IMG_3593by:Grant Ramey01/28/23

GrantRamey

Rodney Terry took over on game day. He was named the acting head coach at Texas on December 12, only hours removed from former head coach Chris Beard’s arrest. Later than night, the Longhorns were hosting Rice.

“He was in an uncharted situation that very few coaches have been in,” Rick Barnes said on Friday. 

Terry kept Texas on track against Rice, an 87-81 win that required overtime. He’s 10-2 after 12 games in charge, remaining as acting head coach through the rest of the season.

Not long after that win over Rice, Terry connected with Barnes, his former boss. 

Terry was a Texas assistant for nine years under Barnes, from 2002-11, before getting hired as head coach at Fresno State and then UTEP. He returned to Texas to join Beard’s staff in April 2021, resigning at UTEP to take the job alongside former Tennessee assistant coach Chris Ogden, another limb of the Barnes coaching tree. 

When Barnes talked to Terry, it was all about reassurance. 

“The first thing I said, ‘Hey, you know what you’re doing,’” Barnes said on Friday, recalling the conversation. “‘Be yourself, but until the situation is resolved, you’re going to have to go about it in a little bit different way. Just make sure you’re thinking most of all about the players because the staff is going to be fine.’”
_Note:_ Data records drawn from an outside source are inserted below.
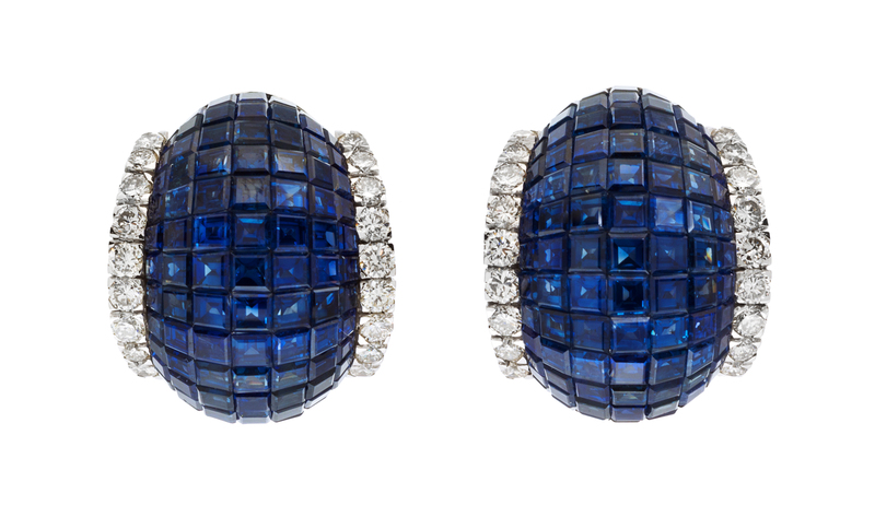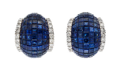 A Pair of 18 Karat White Gold and Invisibly Set Sapphire and Diamond Earclips,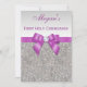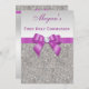 Elegant custom silver First Holy Communion invitations for girls with a beautiful glittery silver printed image sequins jewels, gems pattern, cute, sophisticated shiny radiant orchid / purple / lilac / lavender / mauve printed bows and ribbons images and pretty digital image diamonds bling jewels and purple text on a silver gradient background. Please note: All invites on Zazzle have flat printed images. These classy, fancy, glamourous, girly 1st Communion invites are decorated both sides. Beautiful, stylish, chic, trendy, modern, glitz and glamour invitations. Text, font and colour of font can all be customized. If you need assistance customizing your product please contact me through my store. I will be happy to help.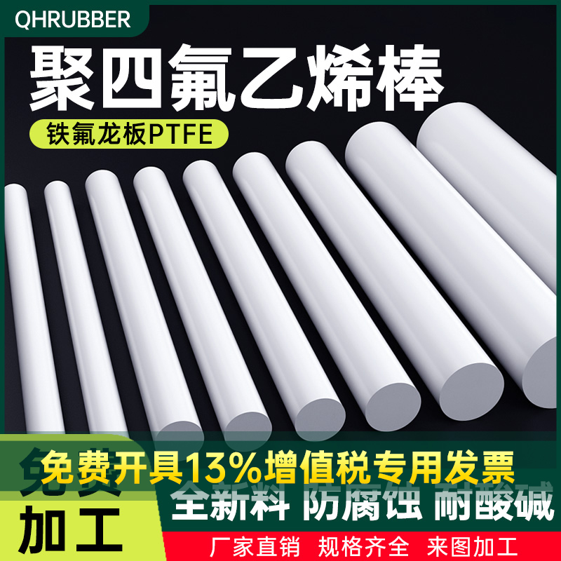 QH四氟棒铁氟龙棒聚四氟乙烯棒加工PTFE塑料王圆形棍新料圆柱棒料

The situation was resolved, at least for the time being, on January 5, when Texas fired Beard after he was charged with a third-degree felony for family violence.

“Now it’s going to shift into another level,” Barnes told Terry, “that you’re going to have to go to and that’s where you’re really going to have to be comfortable with the team and what you want to do. That’s where you have to be willing to make the changes you need to make.”
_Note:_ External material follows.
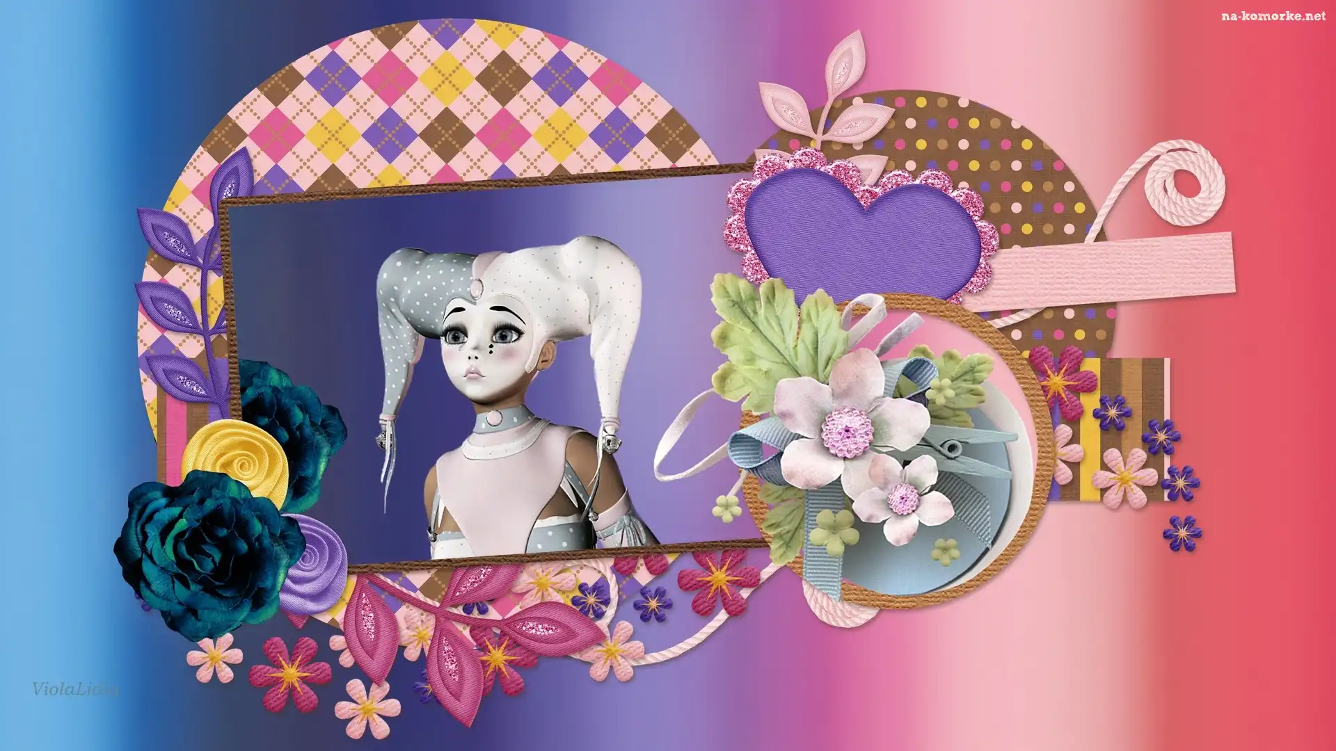 Grafika, Kwiaty, Pierrot, Laleczka na Komórkę

“He’s done that in his own subtle way,” Barnes added. “He’s slowing doing some things I know he’s comfortable with.”

Rodney Terry is 10-2 through 12 games as Texas interim head coach

Terry has kept Texas ranked in the top ten. He’s led the Longhorns to a 6-2 record so far in Big 12 play, tied for first in the league standings, navigating around bumps in the road against Kansas State, a 116-103 loss in Austin, and a 78-67 loss at Iowa State on January 17.

Texas is No. 8 in the NET and No. 9 overall in the KenPom.com ratings, ranked No. 12 in adjusted offensive efficiency and No. 27 in defensive efficiency. They Longhorns are currently projected as a No. 2 seed in the NCAA Tournament.
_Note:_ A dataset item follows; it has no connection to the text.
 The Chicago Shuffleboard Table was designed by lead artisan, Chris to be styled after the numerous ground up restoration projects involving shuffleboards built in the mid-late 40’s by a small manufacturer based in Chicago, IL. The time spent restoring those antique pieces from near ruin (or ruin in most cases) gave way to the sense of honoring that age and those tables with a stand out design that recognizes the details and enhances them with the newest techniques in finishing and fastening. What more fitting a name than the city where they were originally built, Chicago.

Terry talking with Barnes after the win over Rice was nothing out of the ordinary. He leaned on Barnes during his head coaching tenures at Fresno State and UTEP, too.

“Coach has always given me incredible advice,” Terry said on Thursday. “… He wouldn’t tell me what to do, but he would give me some pointers on things in terms of how he would particularly deal with things.” 

The topic of the conversation  — the situation that was unfolding in Austin  — was the only difference this time around. 

“He said to me you know what, you better be prepared to be in that seat all year long,” Terry said. “Be prepared to wheel this team throughout the rest of the course of the season. And you’re more than prepared for this opportunity. You’ve got 10 years under your belt, you’re successful, you’ve been doing it. 

“And you’ve been coaching this team already, so you’re prepared for this opportunity. You’re prepared for this season, so go out and enjoy the ride. Try to take these guys are far as you can take them.”

Up Next: No. 4 Tennessee vs. No. 10 Texas, Saturday, 6 p.m. ET, ESPN

Terry, a Texas native, started his coaching career in high school basketball, working at the prep level for seven years before getting hired as an assistant at Baylor in 1996. Barnes hired him away from UNC Wilmington in 2002. 

Barnes hasn’t been surprised watching Terry keeping this Texas team on track during an unprecedented season.

“I think after they won that first game,” Barnes said, “you saw the respect that the players have for him with the way they treated him after the game … he’s been around it and been around high-level basketball for a long time and he knows what it takes.”